All the important imports from langchain. Additionaly, I have also created to mode `.py` file one is `llm_call.py` and `embeddings.py` the main function of these file is to make this notebook more efficient and more readable. The python fiel `llm_call.py` is contain all the ChatLLM calls like - openAI, Groq Infrance API, Ollama, Huggingface open source models too. It contain a Class `LLMCall` and under this class I defined all the funtion with respective to the model(organization) which I am using. To dive deep into this please check out the file. Moreover, In `embeddings.py` file as ane suggest it contains a Class `Embeddings` in which you will find both the `OpenAI Embeddings` as well as `HuggingFace Embeddings` which I used in this Notebook as I move forward. If you want to dive deep again please chek out `Embeddings.py`

In [1]:
from langchain import hub
from langchain.text_splitter import RecursiveCharacterTextSplitter
from langchain_community.vectorstores import FAISS
from langchain_core.output_parsers import StrOutputParser
from langchain_core.runnables import RunnablePassthrough
from langchain.document_loaders import PyPDFLoader
from langchain.prompts import ChatPromptTemplate
from llm_call import LLMCall
from embeddings import Embeddings
from operator import itemgetter

In [2]:
# Load PDF and split it into chunks
pdf_file = 'sample.pdf'
chunk_size = 1000
chunk_overlap = 200

loader = PyPDFLoader(pdf_file)
documents = loader.load()

# Split the document into manageable chunks
text_splitter = RecursiveCharacterTextSplitter(
    chunk_size=chunk_size, chunk_overlap=chunk_overlap
)
texts = text_splitter.split_documents(documents)

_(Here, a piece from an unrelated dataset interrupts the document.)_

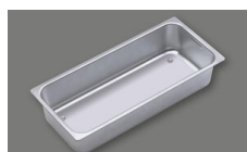
> Weblink 40.001.289.00 / CHF 106.- Vaschetta, non forato

  from cryptography.hazmat.primitives.ciphers.algorithms import AES, ARC4


In [3]:
texts[0]

Document(metadata={'producer': 'Adobe PDF Library 17.0', 'creator': 'Adobe InDesign 19.3 (Macintosh)', 'creationdate': '2024-06-18T14:09:48-07:00', 'moddate': '2024-06-18T14:10:14-07:00', 'trapped': '/False', 'source': 'sample.pdf', 'total_pages': 4, 'page': 0, 'page_label': '1'}, page_content='Before using iPhone, review the iPhone User Guide  at  \nsupport.apple.com/guide/iphone .\nSafety and Handling\nSee “Safety, handling, and support” in the iPhone  \nUser Guide .\nExposure to Radio Frequency\nOn iPhone, go to Settings > General > Legal &  \nRegulatory > RF Exposure. Or go to apple.com/  \nlegal/rfexposure .\nBattery and Charging\nAn iPhone battery should only be repaired by a trained \ntechnician to avoid battery damage, which could cause \noverheating, fire, or injury. Batteries should be recycled \nor disposed of separately from household waste and \naccording to local environmental laws and guidelines. For \ninformation about Apple lithium-ion batteries and battery \nservice a

In [4]:
len(texts)

8

## 🧠 Multi-Query Prompt Template

In a Multi-Query RAG system, we improve document retrieval by generating **multiple diverse versions** of a user's query. This is important because:

- Lexical variation increases the likelihood of matching relevant documents
- Similarity search can miss key chunks if the user's wording is too narrow
- Rephrasing helps cover edge cases and boost recall

This prompt is used to guide the LLM in producing **5 alternative phrasings** of the same question.  
Each version maintains the original intent but varies in vocabulary, structure, or tone — ideal for feeding into a retrieval pipeline.


In [None]:
# 🧠 Multi-Query Prompt Template for Generating Diverse Sub-Queries

multi_query_template = """

You are a question(query) generator. You can create multiple questions similar with multiple prespective to the given question with the same meaning.
By generating multiple perspectives on the user question, your goal is to help
the user overcome some of the limitations of the distance-based similarity search. 
Please generate 5 questions similar to the given question.
Make sure to use different words and phrases to express the same idea.
The questions should be clear and concise.
The questions should be grammatically correct and easy to understand.
The questions should be in English.
Provide these alternative questions separated by newlines.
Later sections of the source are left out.